Оливия Лэтам - Войнич Этель Лилиан - Страница 20
- Предыдущая
- 20/47
- Следующая
Однако, судя по всему, роковой час мог и не пробить. Начиная с августа Владимир жил в напряженном ожидании, ночь за ночью внушая себе, что раз он жил как порядочный человек, то сумеет и умереть достойно, а это в конце концов самое главное. Теперь наступил уже январь, а он все ждал.
— Гроза, должно быть, прошла стороной, — сказал как-то раз Владимир Оливии. Они сидели у него в комнате, он работал. — Иначе она бы уже разразилась.
Оливия едва улыбнулась этим обнадеживающим словам. Долгие месяцы неизвестности лишили ее обычной бодрости и уверенности.
— Если ты действительно убежден в этом, то, пожалуй, я поехала бы домой и повидалась с родными. Они очень беспокоятся обо мне. Но ты в самом деле уверен?
— Как же я могу быть уверен в этом? Но, как видишь, до сих пор ничего не случилось.
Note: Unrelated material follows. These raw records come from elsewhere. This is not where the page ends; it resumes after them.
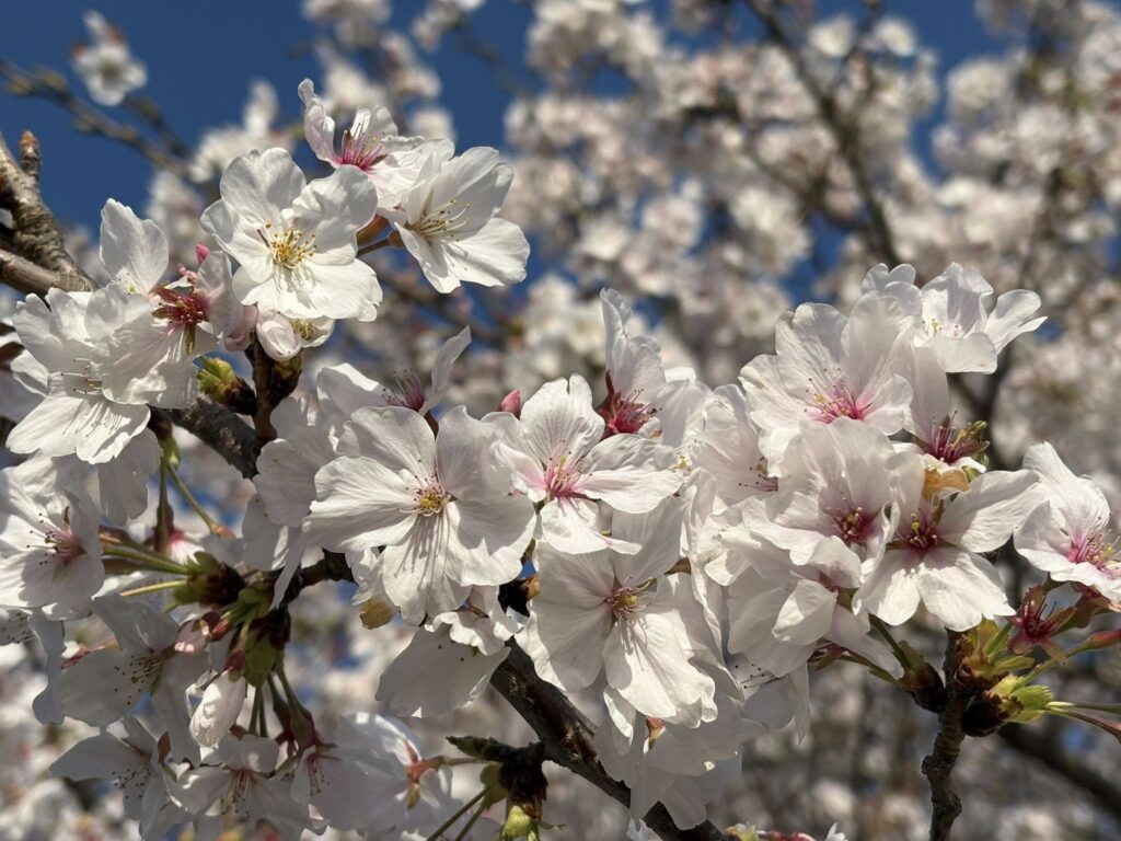 遠くに大きな桜の木があり、枝の奥にさらに満開の花が見えるのです。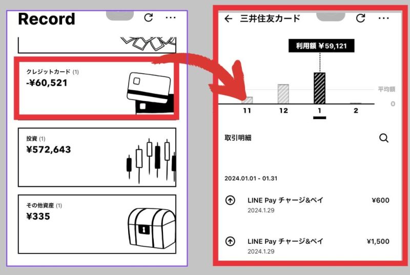 Record(レコード)の機能は金融サービスの明細を反映して、お金をの収支や残高状況を把握できる機能です。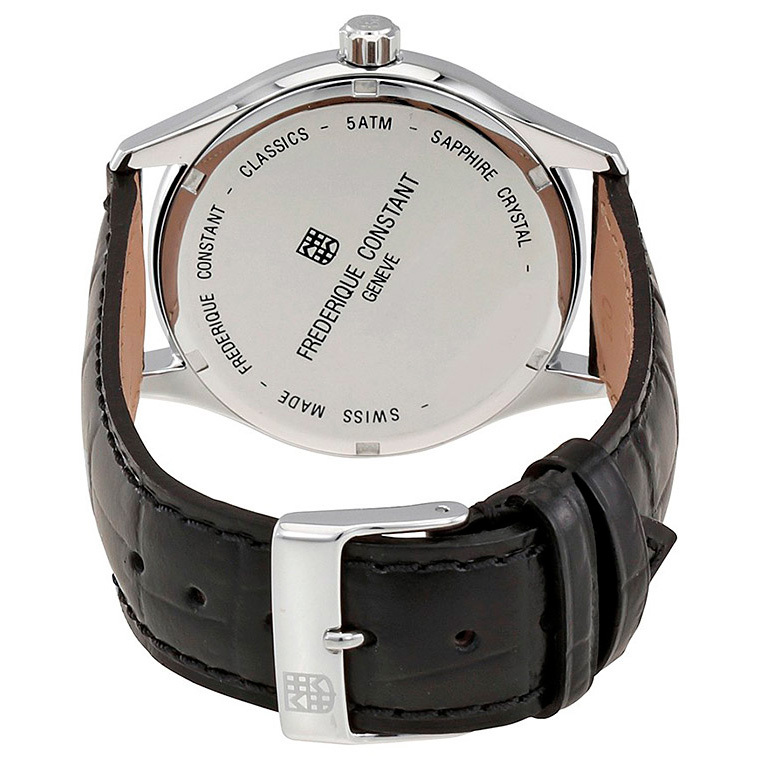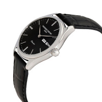 Корпус: Корпус из нержавеющей полированной стали. Чёрный циферблат с серебристыми стрелками и рисками. Декор в технике гильоше. Сапфировое стекло. Диаметр 40 мм. Водозащита 50 м.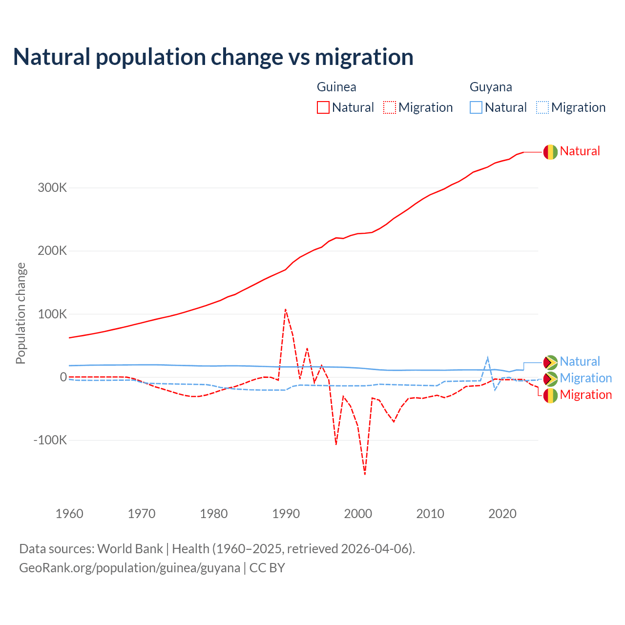 Over the last 10 years, 97.2% of the population change in Guinea is from natural causes (a gain of 3,346,936 people) and 2.76% is from migration (a loss of 94,924 people). In Guyana 77.7% is from natural causes (a gain of 107,419 people) and 22.3% is from migration (a loss of 30,797 people).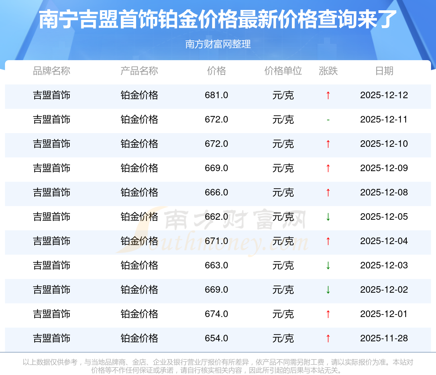 今日南宁吉盟首饰铂金价格的价格为681.0元/克。

Поезжай, голубка, твои родители соскучились по тебе.
Она покачала головой.
— Я ведь говорила тебе, что не уеду, пока не буду уверена, что тебе ничего не грозит. Может быть, ты или кто-нибудь из твоих друзей разузнает поточней, как обстоят дела?
— Это можно будет сделать, только когда приедет Карол. Ему часто удается добывать такие сведения, каких мы сами никогда не могли бы получить. У него друзья и связи повсюду.
— Как ты думаешь, он приедет на той неделе?
— Весьма вероятно. Царь сейчас отбыл из столицы, и Каролу, возможно, дадут разрешение.
Владимир и сам был на несколько дней выслан из Петербурга. Его, как и прочих подозрительных лиц, высылали каждый январь, когда совершался обряд освящения воды, на котором обычно присутствовал царь. То же случалось и во время других важных празднеств и торжеств. Оливия и Владимир провели этот вынужденный отпуск на Ладожском озере и вернулись лишь после окончания празднества.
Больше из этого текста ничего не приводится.